Hücrelerin boru şeklindeki yapısı da, odunun güçlü ve dayanıklı olmasına vesile olmaktadır. Ağacın gövdesi boyunca uzanan bu ince borucuklara su ve besin taşıma vazifesi verilmiştir. Köklerden ağacın yapraklarına kadar su ve mineral taşıyan bu hatlar yanında, güneş ışığı (fotosentez) yardımıyla yapraklarda ürettirilen şekerlerin tamamını köklere taşıyan başka hatlar da vardır.
Gövdesinden enine bir kesit alındığında bir ağacın; kabuk, kambiyum (kabuğun altındaki ince kısım), floem (iç kabuk), diri odun (ksilem) ve öz odun olmak üzere beş tabakadan yapılmış olduğu görülür.

Kabuk
Ağacın enine büyümesi için, bölünme gücü yüksek bir tabaka olan kambiyuma, ‘kabuk' olarak bilinen, mantara benzer bir doku ürettirilir.

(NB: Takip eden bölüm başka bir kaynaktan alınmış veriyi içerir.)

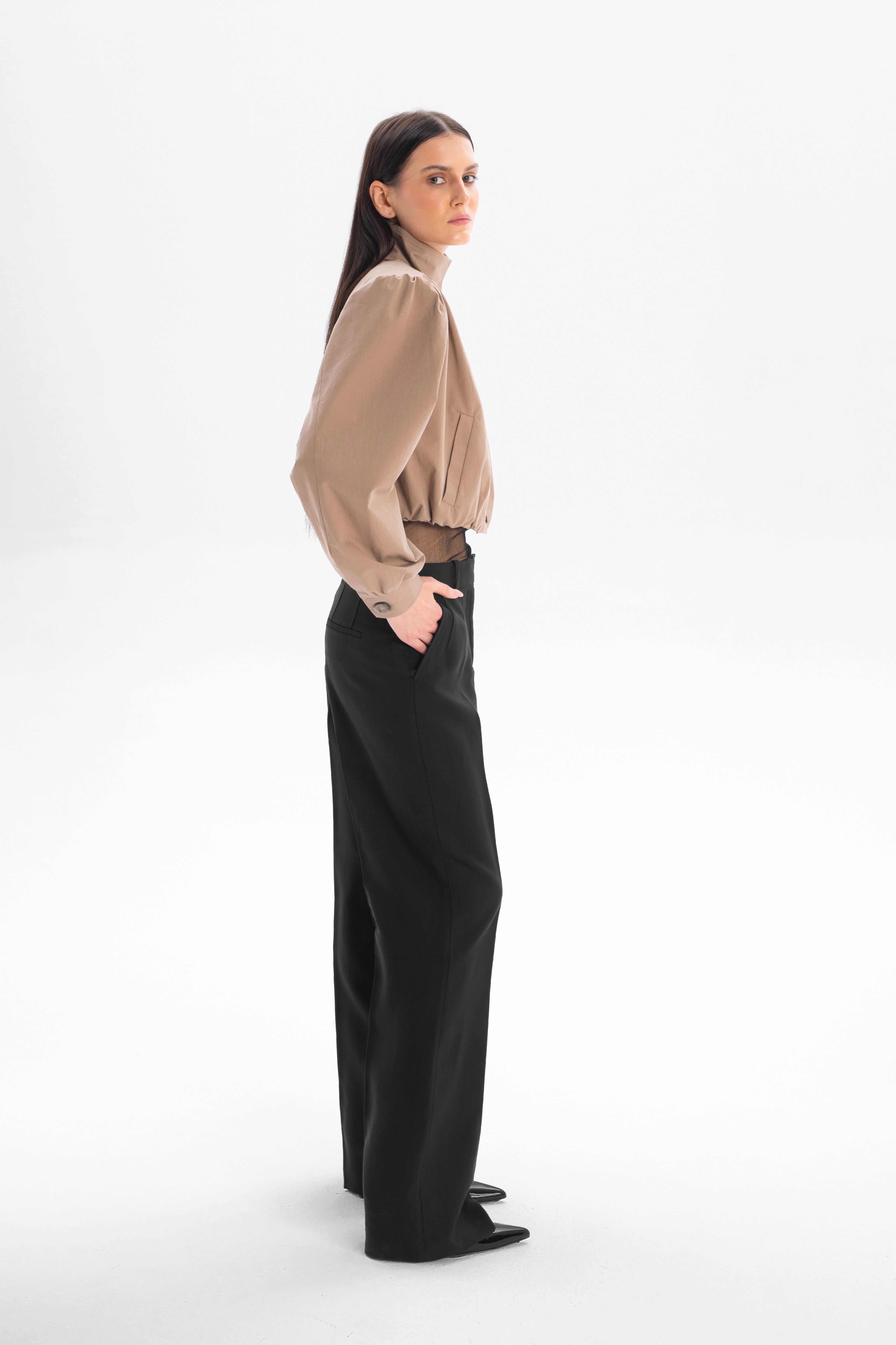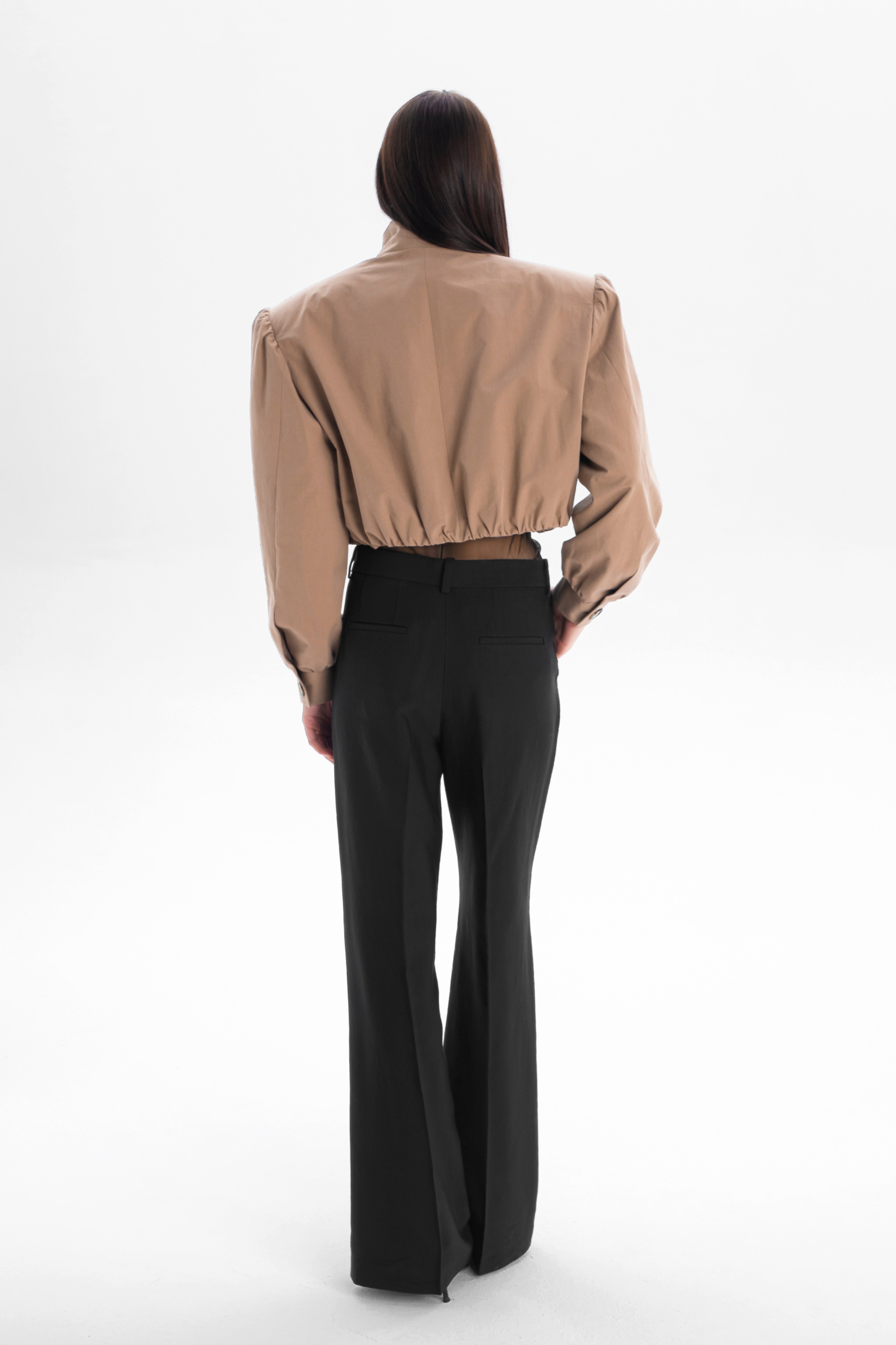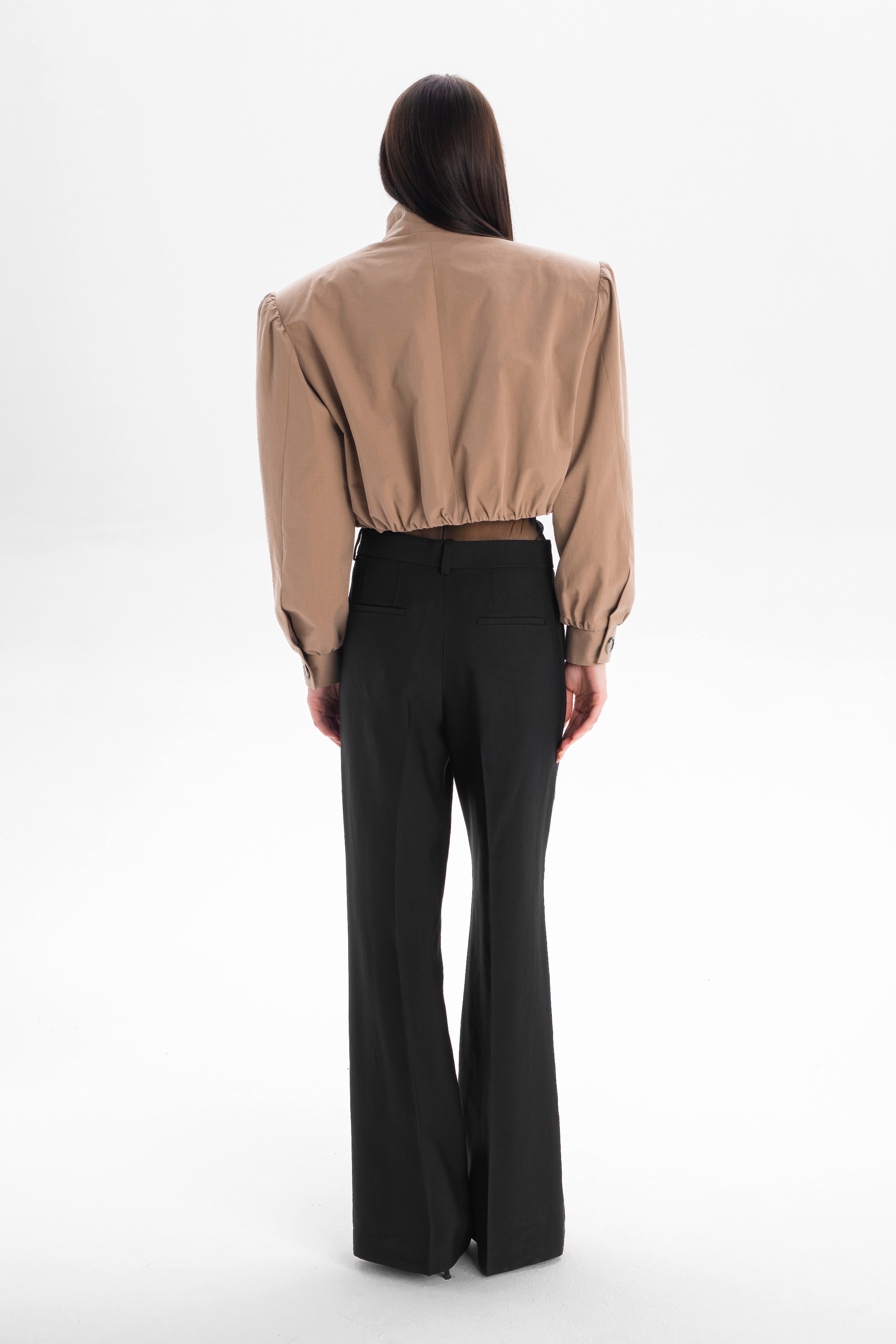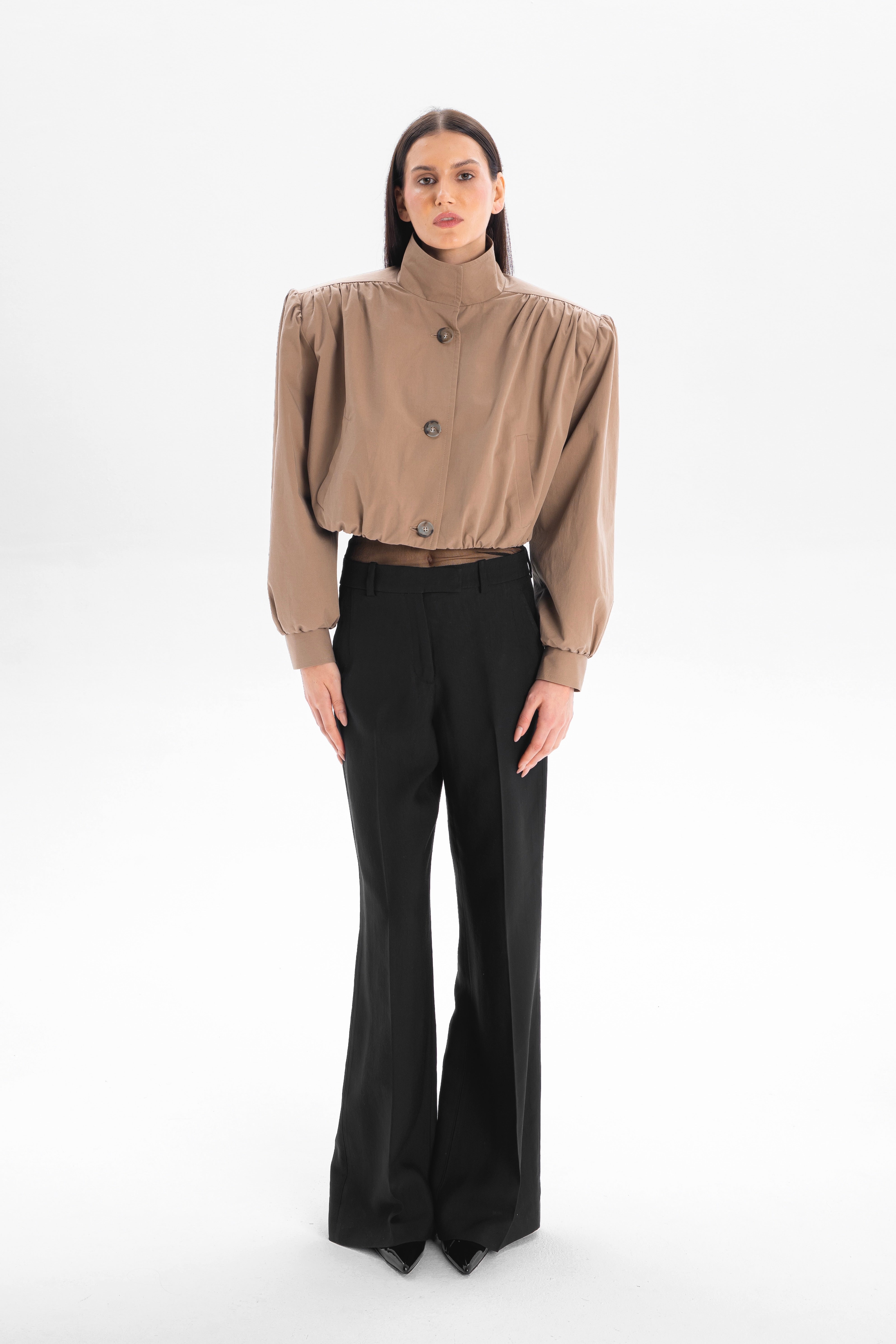 ENCHANTÉ trench cropped jacket in beige is a short design inspired by the classic trench coat, crafted from a lightweight fabric in an elegant beige shade. The simple, minimalist cut is enhanced by gentle gathering at the shoulders and subtly puffed sleeves finished with cuffs, adding a touch of feminine softness. A classic collar and large buttons emphasize the timeless character of the design. The cropped silhouette beautifully highlights the waistline, creating a balanced, modern look. Perfect for both everyday city outfits with high-waisted pieces and more refined smart-casual ensembles.

Kabuk, gözeneklere sahiptir. Bu gözenekler, hava kirliliği ve toz ile tıkanabilmektedir. Bu sebeple meselâ çınar gibi, birçok ağacın kabuğu devamlı yenilenir. Eski kabuğunun plâka şeklinde dökülmesiyle, temiz gözeneklere sahip yeni kabuklar teşkil edilir.

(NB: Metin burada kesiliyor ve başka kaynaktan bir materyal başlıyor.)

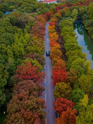 拂水堤位于尚湖中央,南北走向穿尚湖而过,长约1.4公里,把湖分成了东西两块,北面的虞山与两侧的湖水相互辉映,堤中央的十七孔串月桥好似水面一串珍珠。拂水堤两边栽满绿树,春天来这条“绿色大道”踏青、散步较合适,也很适合骑行,大堤中间高,两头低,骑行还能锻炼身体。因为这同时也是一条通车的公路,有公交车、自驾车等在上面开,虽然车不是很多,但无论步行或骑行,还是要注意安全。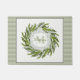 Classic Greenery Wreath Monogram Sage Stripes Doormat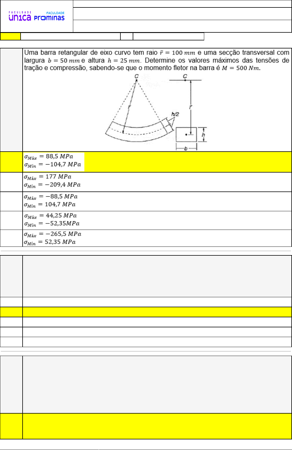 16/04/2024 19:20:42 1/4 REVISÃO DE SIMULADO Nome: PAULO SERGIO DOS SANTOS SUBTIL Disciplina: Mecânica dos Sólidos II Respostas corretas são marcadas em amarelo X Respostas marcardas por você. Questão 001 A) B) C) X D) E) Questão 002 O cisalhamento, também conhecido como força de corte, é uma forma de solicitação mecânica que ocorre quando duas partes de uma estrutura são deslocadas em direções opostas ao longo de um plano paralelo. Essa solicitação cria um efeito de deslizamento relativo entre as partes da estrutura. Qual dos seguintes exemplos representa uma situação em que ocorre cisalhamento em uma estrutura? A) Uma estrutura de concreto suportando cargas verticais. B) Uma ponte suspensa com forças atuando verticalmente sobre os cabos. X C) Uma estrutura de aço submetida a uma força de tração. D) Um prédio em um terreno plano. E) Uma viga de madeira submetida a uma força de compressão. Questão 003 A análise de carregamento transversal em vigas é fundamental na engenharia, pois permite avaliar como as forças perpendiculares à direção principal afetam a estrutura. Isso é crucial para garantir a integridade das vigas, pois cargas transversais podem causar flexão, cisalhamento e torção, podendo levar a falhas catastróficas se não forem devidamente consideradas. Portanto, essa análise desempenha um papel essencial na segurança e eficiência de projetos estruturais. Com relação a vigas submetidas a carregamento transversal, marque a alternativa INCORRETA: A) Para calcular a resposta de uma estrutura submetida a uma carga transversal, é necessário utilizar os métodos dos elementos finitos em detrimento do cálculo analítico, pois aquele possui maior precisão e assertividade do que este. 16/04/2024 19:20:42 2/4 B) A carga transversal é um importante aspecto a ser considerado no projeto e análise de estruturas, pois pode afetar a resistência, a estabilidade e o desempenho da estrutura. A capacidade da estrutura de suportar cargas transversais é determinada pela sua capacidade de resistir às deformações resultantes da carga aplicada. C) Quando uma estrutura é submetida a uma carga transversal, ocorrem deformações que causam a deflexão da estrutura. Em vigas, por exemplo, uma carga transversal faz com que a viga se flexione, resultando em uma curvatura ao longo do seu comprimento. A magnitude e a forma da deflexão dependem das propriedades do material, da geometria da estrutura, das condições de apoio e da distribuição da carga transversal. X D) Quando uma estrutura é submetida a uma carga transversal, como uma carga aplicada perpendicularmente ao seu eixo, ocorre um deslocamento transversal. Esse deslocamento é causado pela deformação na seção transversal da estrutura. Em vigas, por exemplo, a carga transversal causa uma deflexão da viga ao longo do seu comprimento. E) O carregamento transversal pode ser de diferentes tipos, como uma carga pontual, uma carga distribuída uniformemente ao longo da estrutura, uma carga concentrada em um ponto específico ou uma carga distribuída de forma não uniforme. Questão 004 Um componente de Máquina tem secção transversal em forma de T, orientada como mostrado na figura abaixo. Sabendo-se que M=2500 Nâ��m, determine a tensão nos pontos A e B respectivamente. (Dimensões em mm) A) - 104,1 MPa e 92,3 MPa X B) 92,3 MPa e 55,8 MPa C) - 104,1 MPa e 55,8 MPa D) 208,2 MPa e 104,1 MPa E) - 55,8 MPa e 92,3 MPa Questão 005 As vigas curvas são elementos estruturais que possuem uma forma geométrica curva em seu eixo longitudinal, ao contrário das vigas retas - que são retas ao longo de seu comprimento - as vigas curvas apresentam curvaturas ao longo de sua extensão. Elas podem ser encontradas em diversas aplicações, tais como pontes, arcos, estruturas de telhado, elementos de esculturas e outras estruturas arquitetônicas. Com relação as vigas curvas, todas as alternativas estão corretas, EXCETO: A) Em vigas curvas submetidas a carregamento transversal, surgirá o momento fletor, que nada mais é do que a reação de que provoca flexo-torção na viga curva. Essa flexão combinada vai variar ao longo do comprimento da viga, e também ao longo da secção transversal, de acordo com a distribuição de cargas e com a curvatura. O momento fletor resultante da curvatura da viga causará tensões de tração em ambos os lados da viga. B) esforços ao longo de sua extensão, mantendo sua integridade estrutural. Entretanto, o comportamento das vigas curvas é influenciado pela sua curvatura e geometria. 16/04/2024 19:20:42 3/4 C) Uma das características principais da viga curva diz respeito exatamente à sua curvatura onde verifica-se que a medida da sua forma curva percorre ao longo do eixo longitudinal. Essa curvatura pode ser constante ou até mesmo variar ao longo da viga, e essa disposição vai afetar a distribuição de tensões e deformações em todo o seu comprimento. X D) O projeto e a análise das vigas curvas geralmente envolvem técnicas de análise estrutural, como o método dos elementos finitos, para que seja possível determinar as tensões, deformações e deslocamentos ao longo da viga. Algumas considerações específicas, como a escolha dos materiais, a geometria da curva e as condições de contorno, são levadas em conta para garantir a segurança e o desempenho adequado das vigas curvas. E) Quando falamos de tensões e deformações, podemos afirmar que a curvatura da viga curva será responsável por essa indução. De maneira geral, as tensões são maiores na região comprimida da viga (lado interno da curva) e menores na região tracionada (lado externo da curva). Já as deformações são afetadas pela curvatura de maneira semelhante, com maior deformação na região comprimida e menor deformação na região tracionada. Questão 006 Os deslocamentos são uma resposta da estrutura às cargas aplicadas e podem ocorrer em diferentes direções e formas,

Ağacı korumakla vazifeli dış kabuk hücreleri uzun ömürlü değildir. Suya dayanıklı bir yapıda olan kabuk, ağacı birçok yönden korur. Kabukla, ağacın gövdesi çeşitli böcek, hastalık ve parazit bitkilerden korunduğu gibi, odunun iç kısmında bulunan hücreler de sıcak ve soğuğa karşı korunur. Kabuk ayrıca odun ve dalların aşırı su kaybetmesini engellemede de önemli rol oynar. Bazı ağaçların kabukları, yangına karşı dayanıklı hususî bir malzemeyle donatıldığından, âni çıkan tesiri az orman yangınlarında bu kabuklar vasıtasıyla ağaçların hayatta kalabilmeleri sağlanır.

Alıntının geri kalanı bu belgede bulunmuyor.